Bom, especificamente nós temos o Zumbi que ele não... é que ele desistiu das aulas, é um aluno que era mais velho. Tem o Milton que costumava chegar atrasado, tinha muita dificuldade de entender e de fazer as coisas, mas ele fazia, mas acabou trancando o ano. Os outros alunos cotistas passaram de ano muito bem. A gente tinha o Machado de Assis que tinha muita dificuldade em inglês, a gente tinha o Oliveira Silveira que não tinha dificuldade na disciplina, mas tinha um desinteresse assim de vir, o Caetano Veloso ótimo, mas eu não considero negro nem pardo. O Lázaro Ramos ótimo, mais interessado... Vai de personalidade, uns mais tímidos outros não.

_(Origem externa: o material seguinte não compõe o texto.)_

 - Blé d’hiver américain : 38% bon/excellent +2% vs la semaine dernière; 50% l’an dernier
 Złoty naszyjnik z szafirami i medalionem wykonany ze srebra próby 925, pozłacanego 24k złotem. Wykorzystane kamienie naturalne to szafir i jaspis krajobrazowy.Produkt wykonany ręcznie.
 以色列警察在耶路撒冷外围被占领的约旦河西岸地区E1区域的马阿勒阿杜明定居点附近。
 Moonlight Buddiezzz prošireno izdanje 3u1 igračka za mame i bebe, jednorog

Aqui há o reforço de mais uma opinião sobre Caetano Veloso não ser pardo nem negro, coincidindo com o que já verifiquei anteriormente. O depoimento da professora mostra que dois (Milton e Zumbi) dos seis estudantes já desistiram do curso, comprovando que há uma necessidade de um acompanhamento institucional para a permanência desses alunos.

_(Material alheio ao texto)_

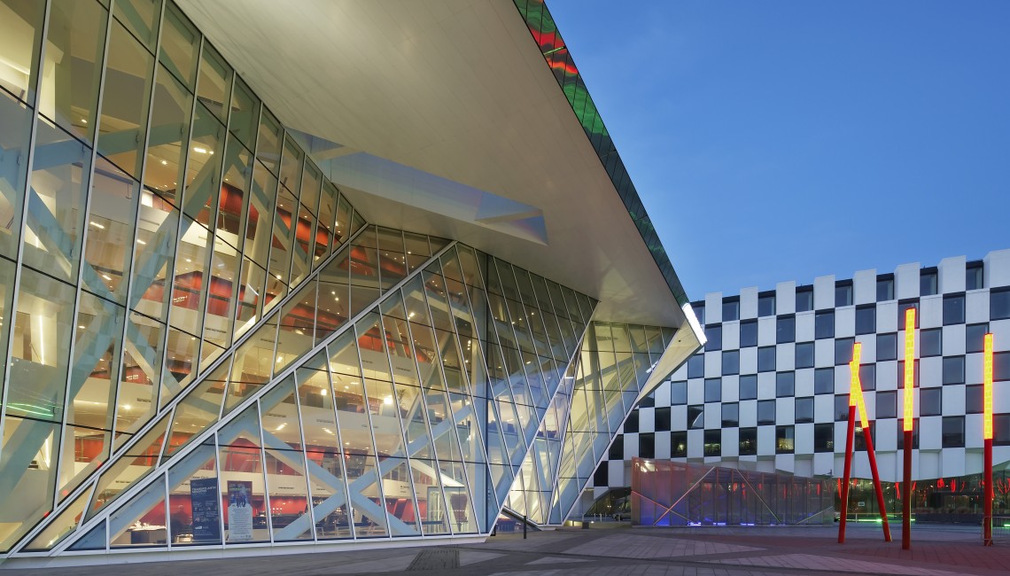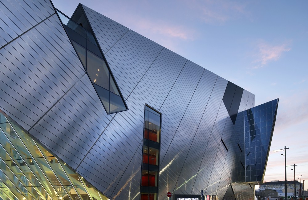 “The opening of Daniel Libeskind’s new Grand Canal Theatre, (in Dublin, Ireland) a razzle dazzle production in its own right, threatened to upstage the gentle ballet on the building’s main stage. With its dramatic, four story glass facade, sharply angled roof line, and turbulent diagonal lines, the debut of Libeskind’s latest creation was a major cultural happening for Dublin…” – Fast Company (March 2010)

3) Você considerou relevante as aulas elaboradas e desenvolvidas por meio da Competência Simbólica? De que forma? Como isso ajudou os alunos? Os alunos cotistas negros pareceram mais participativos?

Sim. Principalmente a que mais me marcou foi aquela aula do filme da professora que a gente viu né e as questões de discussão do texto, as questões de discussão do filme que eu vi que ali tinha chamado bastante a atenção deles... Sabe aquilo ali tinha marcado bastante eles tinham gostado os alunos todos, em geral, e ali que eu vi que a partir da discussão eles conseguem se interessar mais até pelo inglês. Eu

achei relevante. Foram participativos os que sempre foram participativos, por

exemplo, normalmente não participavam o Zumbi e o Milton não muito... mas estavam mais interessados na aula.

Quando a professora diz que “os alunos todos, em geral” gostaram, reforça a questão que coloco desde o início deste trabalho de que os estudantes brancos também podem se conscientizar das questões de raça e preconceito ao participarem de aulas que promovam atividades pedagógicas que desenvolvam sua Competência Simbólica. O fato de os estudantes que raramente ou nunca participam (Zumbi e Milton) se mostrarem, pelo menos, “mais interessados” já é um passo para seu desenvolvimento e empoderamento.

A professora considerou as aulas sob a perspectiva do desenvolvimento da Competência Simbólica relevante e essa sua análise é um dos subsídios que serve para confirmar minhas expectativas de que as aulas promoveram consciência crítica e engajamento

por parte dos estudantes. Os demais subsídios serão analisados e discutidos no decorrer deste trabalho.